*Material provided*:
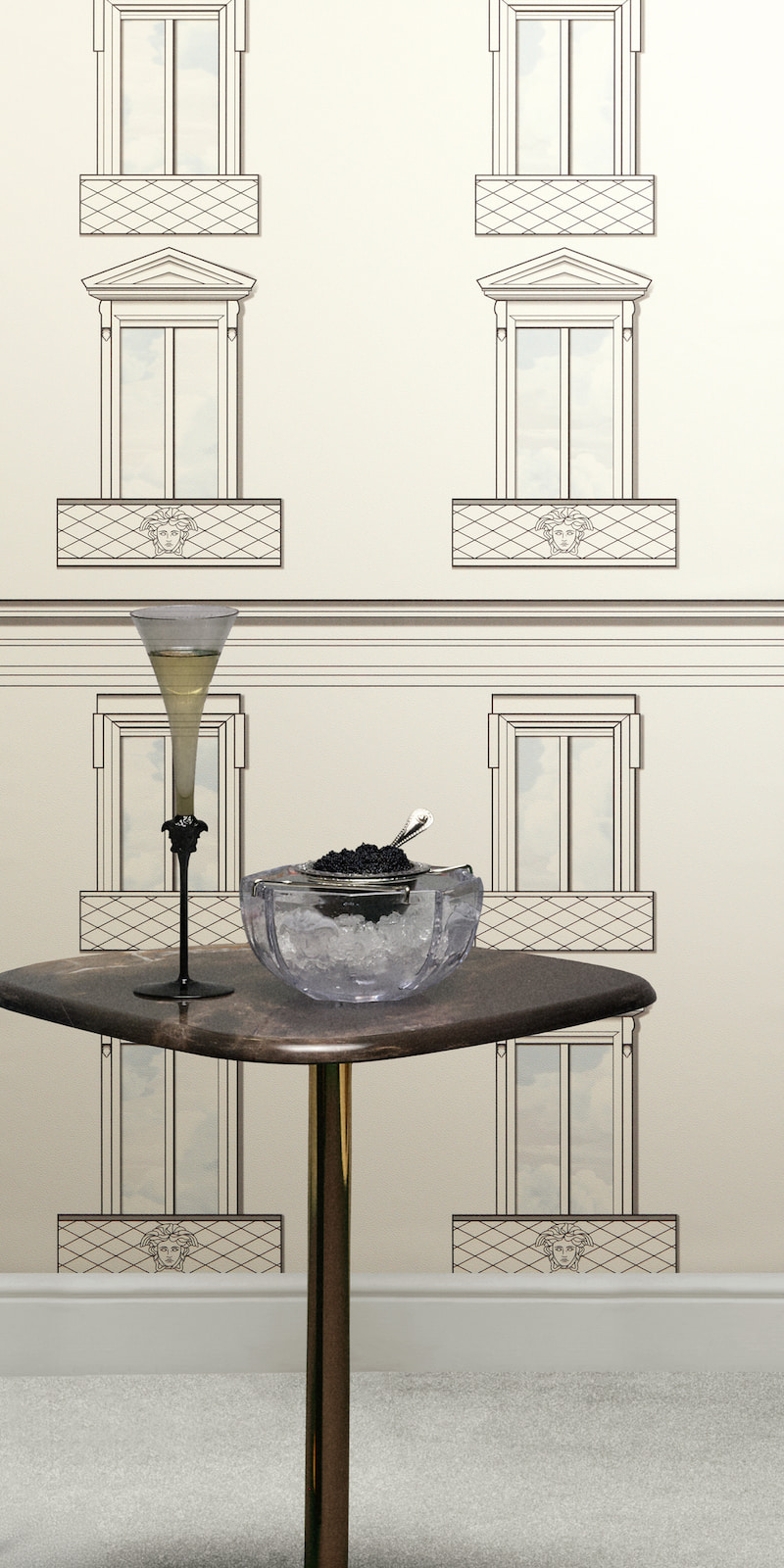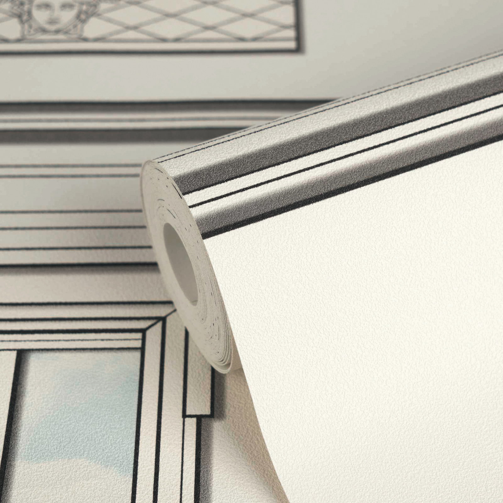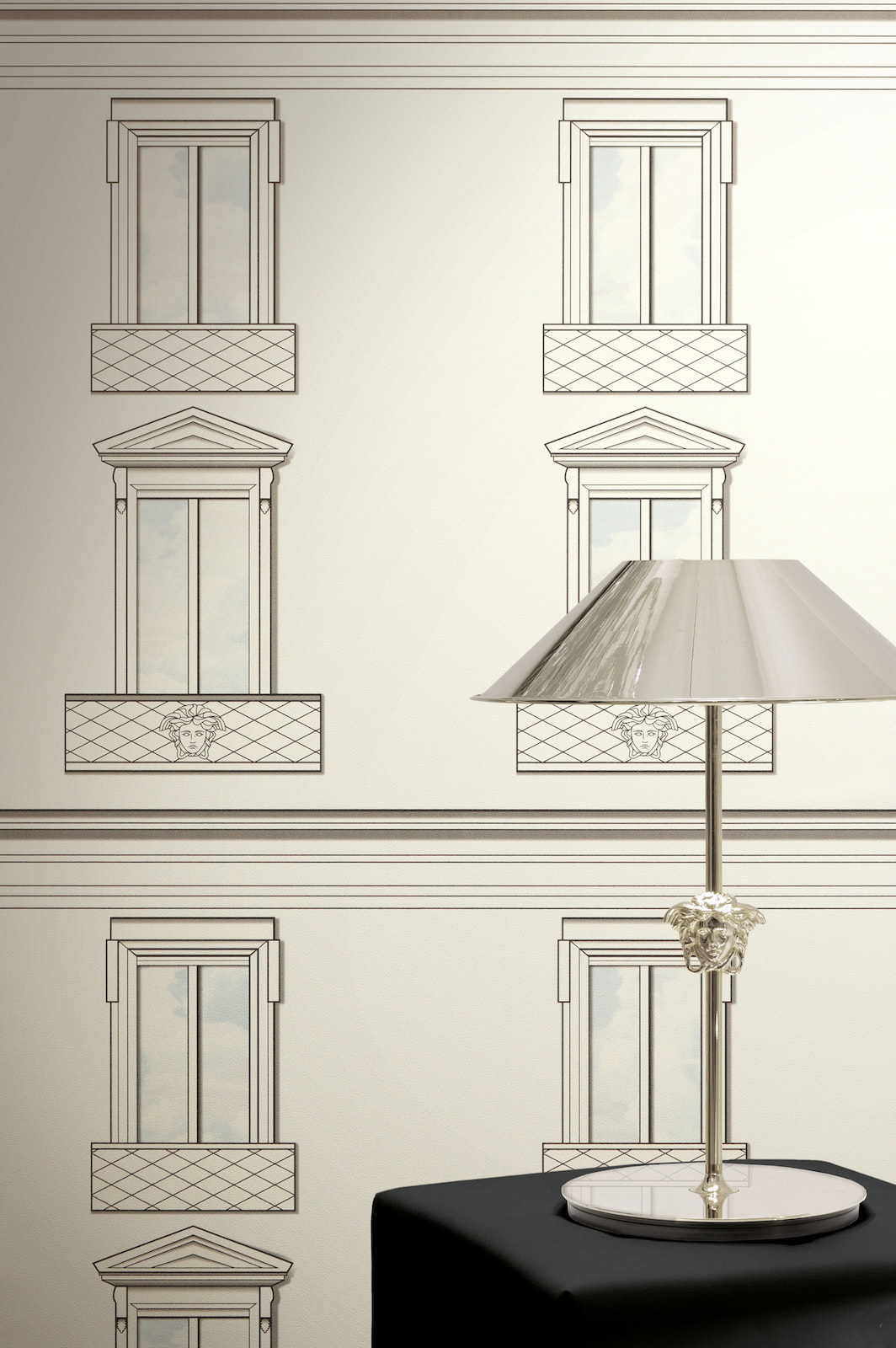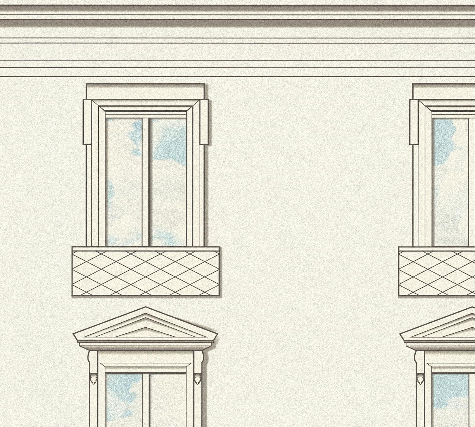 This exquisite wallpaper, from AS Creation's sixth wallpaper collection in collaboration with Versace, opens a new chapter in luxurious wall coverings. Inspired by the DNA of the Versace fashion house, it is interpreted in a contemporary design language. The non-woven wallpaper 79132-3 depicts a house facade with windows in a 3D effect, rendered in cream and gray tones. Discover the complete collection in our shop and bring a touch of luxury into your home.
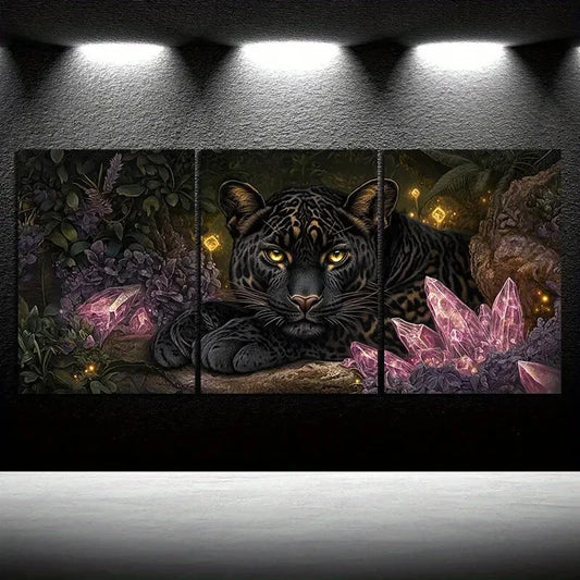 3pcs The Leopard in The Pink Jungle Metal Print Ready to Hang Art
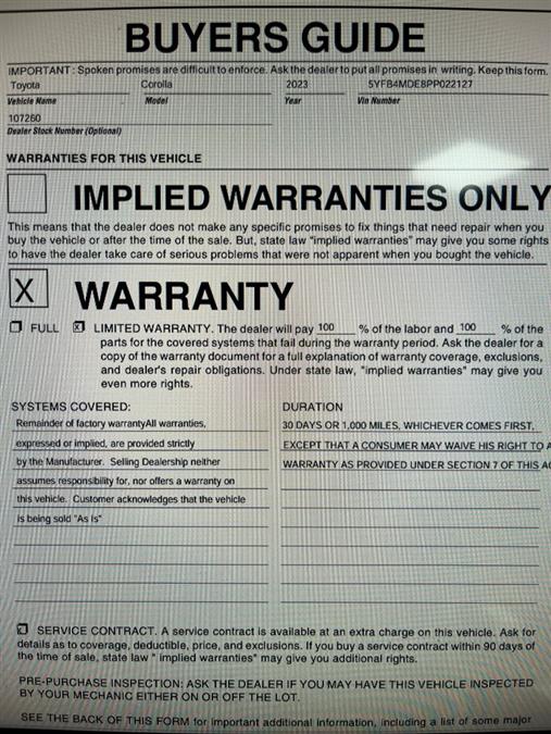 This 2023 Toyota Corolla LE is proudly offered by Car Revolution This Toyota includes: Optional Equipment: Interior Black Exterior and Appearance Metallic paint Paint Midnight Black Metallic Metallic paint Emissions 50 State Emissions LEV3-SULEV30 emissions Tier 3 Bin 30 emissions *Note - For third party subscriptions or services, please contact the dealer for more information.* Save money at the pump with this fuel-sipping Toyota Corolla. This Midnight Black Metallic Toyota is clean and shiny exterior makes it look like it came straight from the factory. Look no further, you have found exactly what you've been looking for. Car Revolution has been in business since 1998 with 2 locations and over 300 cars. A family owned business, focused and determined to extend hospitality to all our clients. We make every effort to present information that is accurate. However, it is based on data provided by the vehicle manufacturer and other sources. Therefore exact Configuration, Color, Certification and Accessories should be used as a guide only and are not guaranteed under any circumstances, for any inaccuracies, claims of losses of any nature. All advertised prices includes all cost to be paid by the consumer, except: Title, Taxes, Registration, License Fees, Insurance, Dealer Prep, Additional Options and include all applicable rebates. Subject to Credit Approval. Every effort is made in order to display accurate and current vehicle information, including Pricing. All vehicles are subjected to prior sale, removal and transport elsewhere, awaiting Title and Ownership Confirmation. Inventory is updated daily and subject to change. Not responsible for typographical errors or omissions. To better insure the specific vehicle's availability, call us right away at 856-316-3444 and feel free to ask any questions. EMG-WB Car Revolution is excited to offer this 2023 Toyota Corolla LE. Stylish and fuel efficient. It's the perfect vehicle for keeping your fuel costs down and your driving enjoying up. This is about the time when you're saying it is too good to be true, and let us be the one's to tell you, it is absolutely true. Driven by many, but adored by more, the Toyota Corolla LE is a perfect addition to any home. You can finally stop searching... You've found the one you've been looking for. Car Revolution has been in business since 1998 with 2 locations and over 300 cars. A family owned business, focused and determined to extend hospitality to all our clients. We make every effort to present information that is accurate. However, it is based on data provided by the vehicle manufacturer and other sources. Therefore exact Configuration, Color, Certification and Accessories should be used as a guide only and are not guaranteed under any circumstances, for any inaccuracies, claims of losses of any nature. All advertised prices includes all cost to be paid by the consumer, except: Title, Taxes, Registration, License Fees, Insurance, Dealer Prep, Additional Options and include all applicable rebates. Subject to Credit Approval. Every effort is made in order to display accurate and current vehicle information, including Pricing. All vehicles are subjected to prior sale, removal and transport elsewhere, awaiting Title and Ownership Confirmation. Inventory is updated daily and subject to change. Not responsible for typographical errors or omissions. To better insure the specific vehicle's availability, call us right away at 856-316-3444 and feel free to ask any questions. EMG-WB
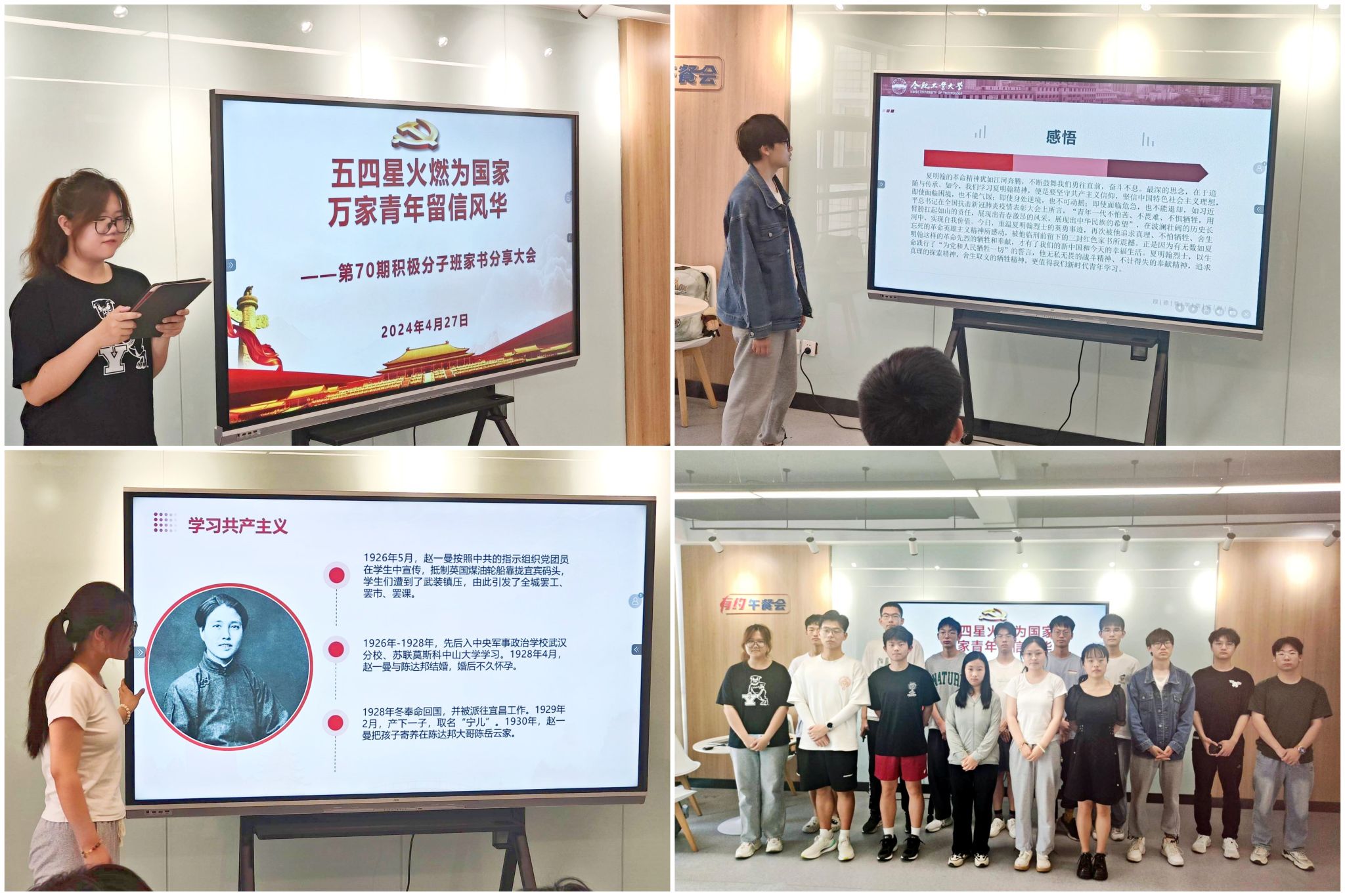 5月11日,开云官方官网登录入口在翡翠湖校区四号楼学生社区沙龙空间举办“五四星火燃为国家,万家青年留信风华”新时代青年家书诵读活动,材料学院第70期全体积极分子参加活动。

*Exercise description*:
Give back the full listing word for word, with the pictures left out.

*Exercise answer*:
 This exquisite wallpaper, from AS Creation's sixth wallpaper collection in collaboration with Versace, opens a new chapter in luxurious wall coverings. Inspired by the DNA of the Versace fashion house, it is interpreted in a contemporary design language. The non-woven wallpaper 79132-3 depicts a house facade with windows in a 3D effect, rendered in cream and gray tones. Discover the complete collection in our shop and bring a touch of luxury into your home.
 3pcs The Leopard in The Pink Jungle Metal Print Ready to Hang Art
 This 2023 Toyota Corolla LE is proudly offered by Car Revolution This Toyota includes: Optional Equipment: Interior Black Exterior and Appearance Metallic paint Paint Midnight Black Metallic Metallic paint Emissions 50 State Emissions LEV3-SULEV30 emissions Tier 3 Bin 30 emissions *Note - For third party subscriptions or services, please contact the dealer for more information.* Save money at the pump with this fuel-sipping Toyota Corolla. This Midnight Black Metallic Toyota is clean and shiny exterior makes it look like it came straight from the factory. Look no further, you have found exactly what you've been looking for. Car Revolution has been in business since 1998 with 2 locations and over 300 cars. A family owned business, focused and determined to extend hospitality to all our clients. We make every effort to present information that is accurate. However, it is based on data provided by the vehicle manufacturer and other sources. Therefore exact Configuration, Color, Certification and Accessories should be used as a guide only and are not guaranteed under any circumstances, for any inaccuracies, claims of losses of any nature. All advertised prices includes all cost to be paid by the consumer, except: Title, Taxes, Registration, License Fees, Insurance, Dealer Prep, Additional Options and include all applicable rebates. Subject to Credit Approval. Every effort is made in order to display accurate and current vehicle information, including Pricing. All vehicles are subjected to prior sale, removal and transport elsewhere, awaiting Title and Ownership Confirmation. Inventory is updated daily and subject to change. Not responsible for typographical errors or omissions. To better insure the specific vehicle's availability, call us right away at 856-316-3444 and feel free to ask any questions. EMG-WB Car Revolution is excited to offer this 2023 Toyota Corolla LE. Stylish and fuel efficient. It's the perfect vehicle for keeping your fuel costs down and your driving enjoying up. This is about the time when you're saying it is too good to be true, and let us be the one's to tell you, it is absolutely true. Driven by many, but adored by more, the Toyota Corolla LE is a perfect addition to any home. You can finally stop searching... You've found the one you've been looking for. Car Revolution has been in business since 1998 with 2 locations and over 300 cars. A family owned business, focused and determined to extend hospitality to all our clients. We make every effort to present information that is accurate. However, it is based on data provided by the vehicle manufacturer and other sources. Therefore exact Configuration, Color, Certification and Accessories should be used as a guide only and are not guaranteed under any circumstances, for any inaccuracies, claims of losses of any nature. All advertised prices includes all cost to be paid by the consumer, except: Title, Taxes, Registration, License Fees, Insurance, Dealer Prep, Additional Options and include all applicable rebates. Subject to Credit Approval. Every effort is made in order to display accurate and current vehicle information, including Pricing. All vehicles are subjected to prior sale, removal and transport elsewhere, awaiting Title and Ownership Confirmation. Inventory is updated daily and subject to change. Not responsible for typographical errors or omissions. To better insure the specific vehicle's availability, call us right away at 856-316-3444 and feel free to ask any questions. EMG-WB
 5月11日,开云官方官网登录入口在翡翠湖校区四号楼学生社区沙龙空间举办“五四星火燃为国家,万家青年留信风华”新时代青年家书诵读活动,材料学院第70期全体积极分子参加活动。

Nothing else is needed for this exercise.